Tuesday, August 20, 2013

Journey of a Spender and a Saver: A Bumpy Ride


In the beginning of our relationship, my husband and I would have a big fight about money approximately once a year. It wasn’t that we were holding it in for a year, we would have little “discussions” about money often, but once a year there was a biggie. The first one was the orange juice (part I). The second big fight was over a pair of jeans that he bought in New York and we fought about all through Europe. My argument was that he wasted $20 because he bought the jeans with the intention of getting rid of them in a couple of weeks. His argument at the time, was that they were only $20.

The challenge was that our value of money scales were so different: The spender thinks that $5 is nothing and $20 is barely anything. Whereas the saver, keeps every penny, because it’s one cent closer to a roll of 50 and it all adds up.

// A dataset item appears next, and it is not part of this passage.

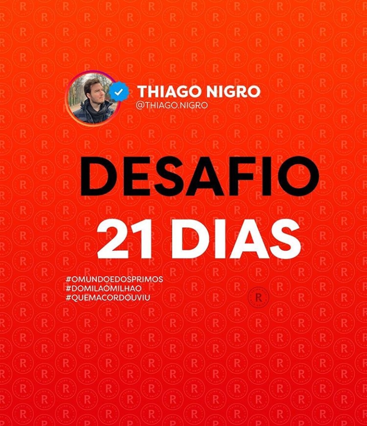 No Instagram ele apareceu com o desafio 21 dias, O que é isso? Bem ele se chama 21 dias por que especialistas falam que para você ter um hábito, precisa primeiro criar uma rotina durante 21 dias, depois você já vai fazer aquilo naturalmente, aí sua rotina vira hábito. Os ricos sempre falam que para se ganhar muito dinheiro, primeiramente você tem que acordar cedo, e esse desafio dos 21 dias do Thiago Nigro é justamente isso, acordar cedo juntamente com outras milhares de pessoas que assistem ao seu canal, às 5:06 da manhã, falando sobre investimentos, e em como chegar “lá”.

Fast forward eight years, we’re driving out to the coast for our anniversary and I ask my husband to refresh my memory about this long lost fight. He recaps defensively. I realize that something is still bothering him about that fight. He doesn’t talk to me for an hour. Fun times. Then after he’s had time to think back and sort his thoughts, the truth comes out...I wasn't ready for this one. 

He goes through all of the details again, along with the range of emotions that come when you’re angry, and finally lands on the real reason he’s mad – He thinks I’m a hypocrite! From his perspective, I was ragging on him for buying the disposable $20 jeans, when I bought a pair of leather boots that cost $127 (yep, he remembered) and the only time I wore them was on our trip. What he didn’t know was that when I bought them I planned on wearing them till they fell apart, but they ended up being horribly uncomfortable and made my toes go numb.

So, we talked about it for the rest of the ride… We now understand each other’s side of the story. And I’m embracing the fact that I’m a flip flop/barefoot girl and I accept that no matter how much I spend, the shoes aren’t going to be comfortable. So, I’m going to stop searching and save our money for something that we’ll both enjoy.

In short, these are the overarching lessons that we were reminded of:
  • No matter how long we’re together, it’s all about ongoing two-way communication.
  • While there may be some yelling, it’s best to talk it through sooner than later.
  • Compromise. Compromise. Compromise. On both sides.